Exercise description - Line by line, repeat the material below exactly and leave the images out.

Dataset extract -
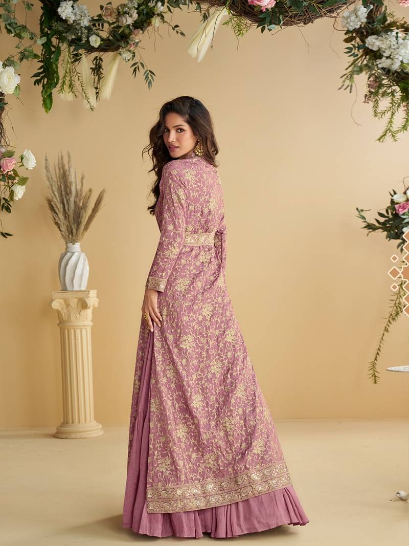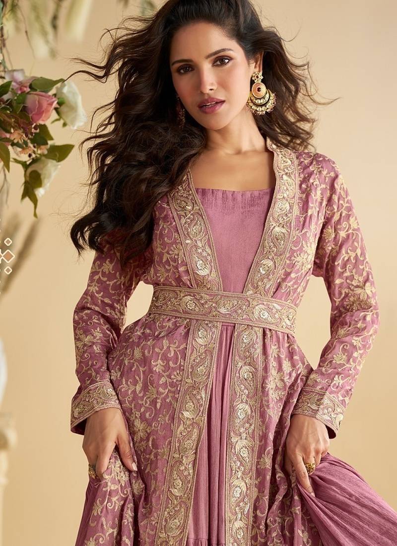 | Product Name | Pink Chinon Silk With Embroidered Work Gown With Shrug & Belt | |
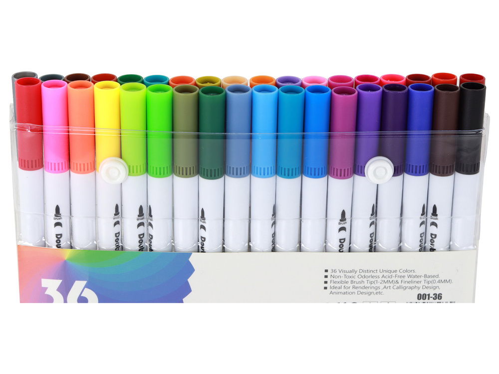 - Discover creativity with a set of 36 double-sided markers in an organizer. Intense colors, high quality, perfect gift.
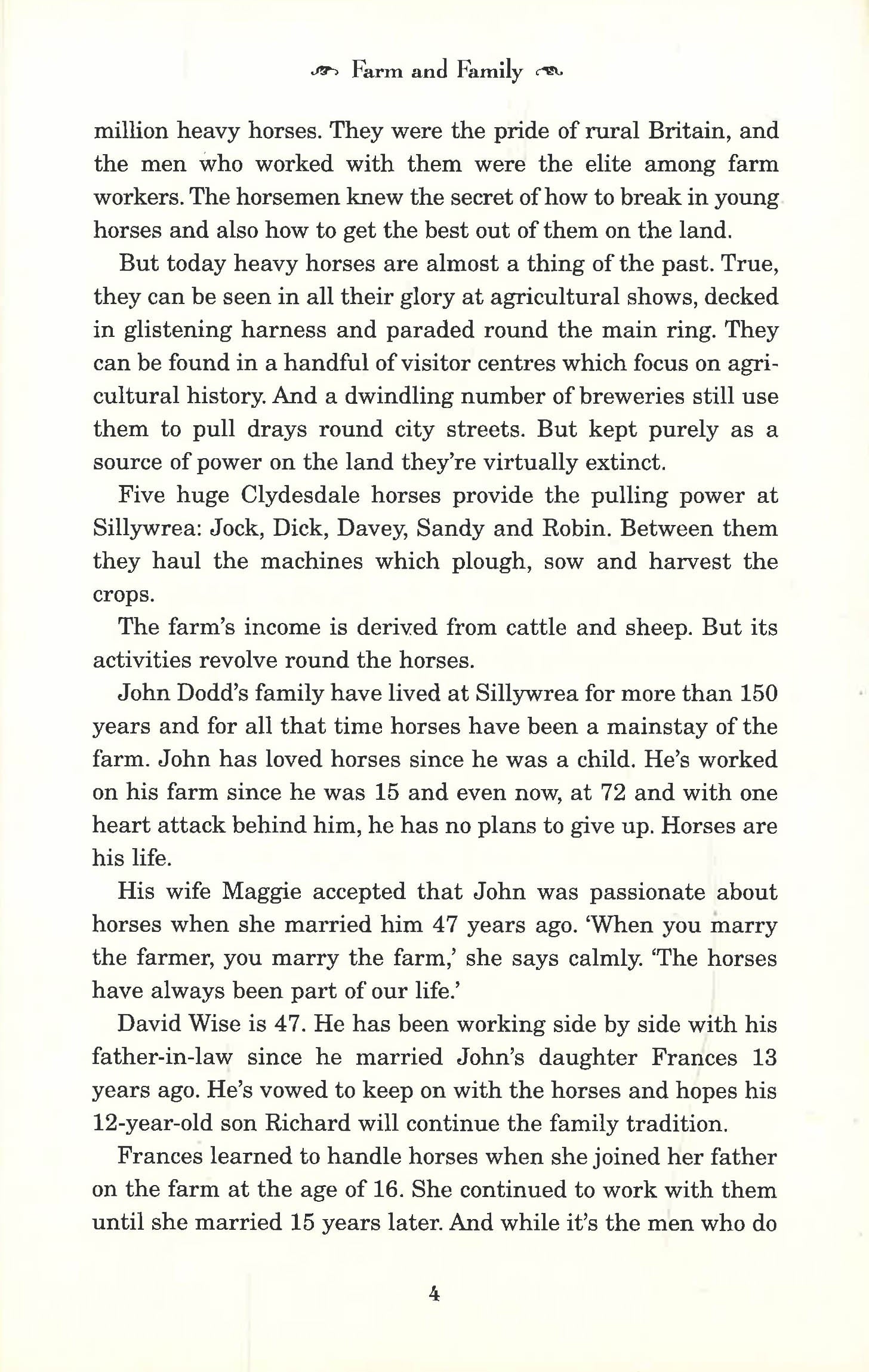 A century ago, power on farms was provided by one and a half million heavy horses, the pride of rural Britain. Today, heavy horses in the countryside are a distant memory, except Sillywrea Farm in Northumberland. It is the last farm in the country where all the jobs requiring the strength and power usually provided by machinery are still done by horses. John Dodd's family have lived at Sillywrea farm for more than 150 years and horses have always been the source of power. The work is hard, but John, his son-in-law David Wise and their five huge Clydesdales run the farm to the rhythms of the seasons, allowing nature to lead the way. The Last Horsemen provides a glimpse of a unique way of life and, in today's world of intensive farming and mass-produced food, is a reminder that we can still learn from the past.
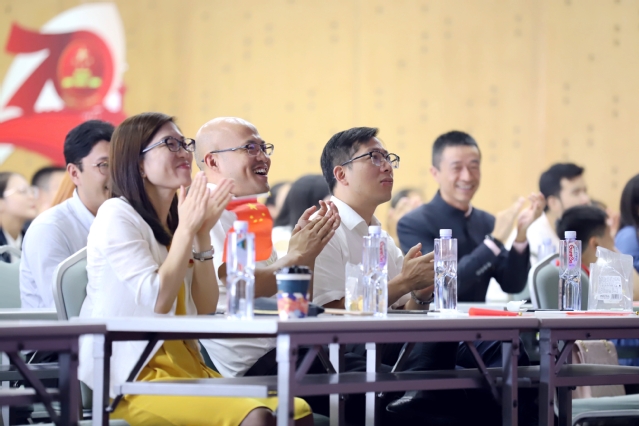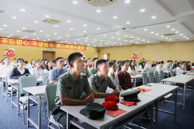 校领导为响应国家号召应征入伍奉献青春的2019年退伍学生进行表彰并授予荣誉胸花。来自校大学生艺术团语言艺术团的同学朗诵了诗歌《闪耀吧,青春的火光》。暑期社会实践带队教师代表、金融管理学院朱晋赤,连续两次参加进博会志愿服务的学生代表、国际商务外语学院施玮懿,退伍学生代表、统计与信息学院来一聪分别作了主题演讲,讲述了他们以不同的方式把青春献给祖国的感人事迹。最后,全场师生共同唱响《我和我的祖国》,表达了对祖国深厚的情感。现场巨幅五星红旗在师生间相互传递,共同凝聚起为祖国发展做贡献的强大力量。

Answer -
 | Product Name | Pink Chinon Silk With Embroidered Work Gown With Shrug & Belt | |
 - Discover creativity with a set of 36 double-sided markers in an organizer. Intense colors, high quality, perfect gift.
 A century ago, power on farms was provided by one and a half million heavy horses, the pride of rural Britain. Today, heavy horses in the countryside are a distant memory, except Sillywrea Farm in Northumberland. It is the last farm in the country where all the jobs requiring the strength and power usually provided by machinery are still done by horses. John Dodd's family have lived at Sillywrea farm for more than 150 years and horses have always been the source of power. The work is hard, but John, his son-in-law David Wise and their five huge Clydesdales run the farm to the rhythms of the seasons, allowing nature to lead the way. The Last Horsemen provides a glimpse of a unique way of life and, in today's world of intensive farming and mass-produced food, is a reminder that we can still learn from the past.
 校领导为响应国家号召应征入伍奉献青春的2019年退伍学生进行表彰并授予荣誉胸花。来自校大学生艺术团语言艺术团的同学朗诵了诗歌《闪耀吧,青春的火光》。暑期社会实践带队教师代表、金融管理学院朱晋赤,连续两次参加进博会志愿服务的学生代表、国际商务外语学院施玮懿,退伍学生代表、统计与信息学院来一聪分别作了主题演讲,讲述了他们以不同的方式把青春献给祖国的感人事迹。最后,全场师生共同唱响《我和我的祖国》,表达了对祖国深厚的情感。现场巨幅五星红旗在师生间相互传递,共同凝聚起为祖国发展做贡献的强大力量。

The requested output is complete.